What course should a principled republic take toward a figure like Pam Bondi, provided that, for reasons unknown, horse-whipping remains off the table?
Bondi, lately the attorney general of these United States, is a prime example of the sort of people who flourish in Donald Trump’s circle: morally speaking, she is a criminal, yet there is no suitable statute to prosecute her.
Bondi’s 14-month tenure at the Department of Justice was, as a matter of her official duties, a crime spree. Her legacy is that she used the DOJ to unleash a sequence of pretextual criminal investigations and prosecutions aimed at the president’s political enemies, even when there wasn’t the slightest indication of a legitimate legal case against them. Those targeted by Bondi’s DOJ as a matter of political vendetta include: Gov. Tim Walz, Attorney General Keith Ellison, and Hennepin County Attorney Mary Moriarty, all of Minnesota; Minneapolis Mayor Jacob Frey; St.

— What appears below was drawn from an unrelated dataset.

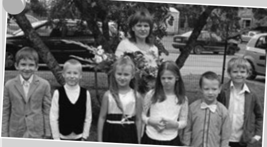
1. klases izglītojamie ar audzinātāju 1. septembrī Salas sākumskolā.

Šajā mācību gadā uzņemto bērnu skaits (pirmsskolas grupās): 8

Paul Mayor Kaohly Her; Federal Reserve Chairman Jerome Powell; Federal Reserve Governor Lisa Cook; Sen. Elissa Slotkin of Michigan; Rep. Jason Crow of Colorado; Rep. Maggie Goodlander of New Hampshire; Reps. Chrissy Houlahan and Chris Deluzio of Pennsylvania; Sen. Mark Kelly of Arizona; Sen. Adam Schiff of California; former FBI Director James Comey; former CIA Director John Brennan; Attorney General Letitia James of New York. (The prosecution of former National Security Adviser John Bolton, no less political and pretextual where Bondi was concerned, is more complicated in that it is not solely the work of the Trump administration.)
That is quite a list—aside from assembling a handful of counterfeit “Epstein files” binders, Bondi appears to have accomplished little during her term other than abusing the extraordinary powers of the DOJ to harass and exact retribution from the president’s political foes.
Although it is a vexing situation, it may be for the best that there is no statute under which Pam Bondi’s prosecution would be convenient—if Bondi’s career as attorney general teaches anything at all, it is that in our currently debased political climate the DOJ cannot be trusted with a law that is flexible enough to treat such abuses of power as criminal. A measure designed to curb such abuses would, ironically, almost surely enable new ones. Bondi is licensed in Florida, where she served as attorney general, and Florida law contemplates disbarment for “cumulative misconduct” and allows permanent disbarment in cases “where an attorney’s conduct indicates he or she engages in a persistent course of unrepentant and egregious misconduct and is beyond redemption.”
Having recently celebrated the Resurrection, I do not believe that a human being is “beyond redemption” as a spiritual matter. But as to whether a lawyer or a government officer is beyond redemption: If Pam Bondi has not engaged in a “persistent course of unrepentant and egregious misconduct,” then who has?